Digitalisation in hotels and restaurants is no longer the future but the present – yet for many small businesses it remains a challenge.

At the GenTechPower 2025 conference, Weronika Łebkowska presented research performed by the DELab UW team within the Erasmus+ USMED project on the demand for digital skills in the accommodation and food sector.

While large enterprises are moving ahead with AI, IoT and data-driven solutions, small and medium-sized firms (which represent more than 90% of the sector) still face structural barriers: limited budgets, weaker infrastructure, staff shortages and high turnover. As a result, fewer than 10% of SMEs use advanced technologies such as AI or robotics, and their workforce consistently scores below national averages in areas like data literacy, problem-solving and cybersecurity.

The research combined labour market analysis with focus groups involving workers, managers, educators and students. The findings reveal:

  • Employers recruit by skills clusters (booking systems, POS/CRM, digital safety) rather than by job titles.

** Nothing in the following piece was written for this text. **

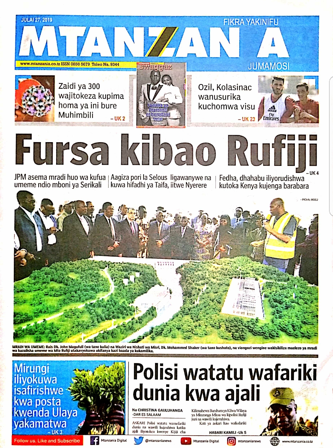 MagazetiPITIA VICHWA VYA HABARI KATIKA MAGAZETI YA LEO JUMAMOSI JULAI 27,2019 Last updated: 2019/07/27 at 4:05 AM Alex Sonna 7 years ago Share SHARE Alex Sonna July 27, 2019 July 27, 2019 Share this Article Facebook Twitter Email Print Previous Article Maafisa Michezo Nchini Watakiwa Kusimamia Michezo na Sio Kukaa Ofisini Next Article RAIS DKT MAGUFULI AREJEA DAR ES SALAAM KWA TRENI YA TAZARA AKITOKEA KWENYE SHEREHE ZA UWEKAJI JIWE LA MSINGI MRADI MKUBWA WA UMEME WA MW 2,115 RUFIJI

  • Mismatch between demand and practice: job ads often require “digital proficiency,” but employees rarely know which tools this refers to – and structured training is scarce.

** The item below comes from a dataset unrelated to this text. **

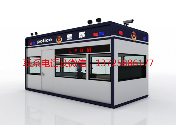 警务室外围字体采用大型的水晶字,采用实体标准的警徽,外面四周墙体安装红、蓝LED闪闪发光的专用灯,顶部四周角落上安装了专用警灯,整个警务室岗亭采用钢结构焊接,双层顶部结构有很好的散热功能,警务室岗亭就像坚固的堡垒安置在那,保护着整个区域秩序及安全。

  • Upskilling gap: low investment and high staff turnover make it hard to establish lasting training systems.

Importantly, the digital divide has a social dimension. Women are often confined to customer-facing roles where digital tools are used mainly for scheduling and surveillance, with limited training opportunities. Migrants, overrepresented in kitchens and seasonal jobs, struggle with language barriers and precarious contracts. As DELab highlighted, digital competences should be treated not as a privilege, but as a basic labour right and a condition for competitiveness.

To close the gap, the team pointed to three key priorities:

  1. Intersectional training design – short, mobile, modular learning adapted to women, migrants, and seasonal workers.

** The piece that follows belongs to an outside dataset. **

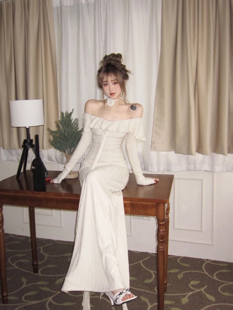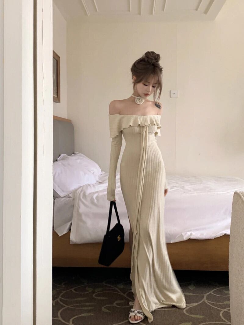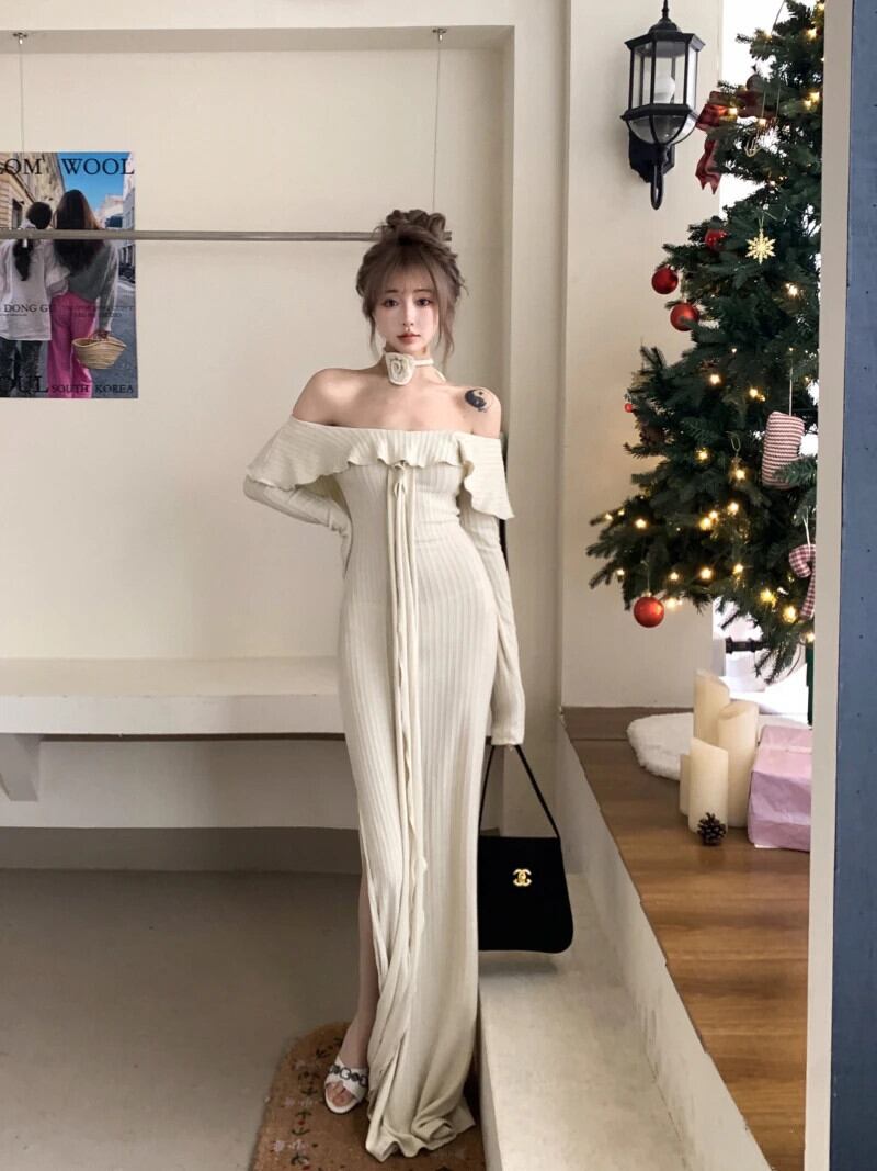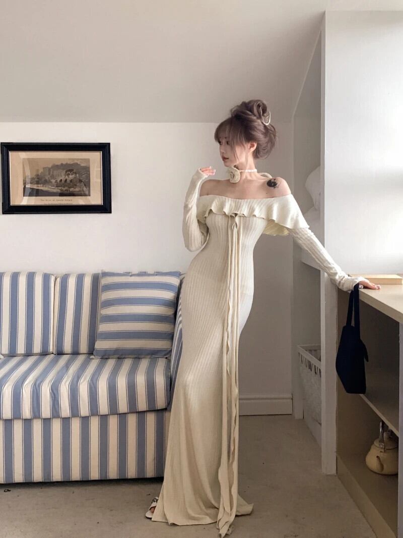 フレンチスイートホットガールフリルオフショルダードレス冬スリムフィット長袖ラップヒップドレス ロング 大人ガーリー スウィート キュート カジュアル ウィンター 冬物

  2. Labour market diagnostics – using tools like the Digital Skills Assessment Tool (DSAT) to align training with real workplace needs.

  3. Shared governance – employers, educators and policymakers co-designing flexible pathways, with public support for SMEs.

By reframing digital competences as part of a broader system of access, justice and inclusion, the Erasmus+ USMED project promotes a future where technology is not an elite path but an enabler of fairer and more competitive hospitality businesses.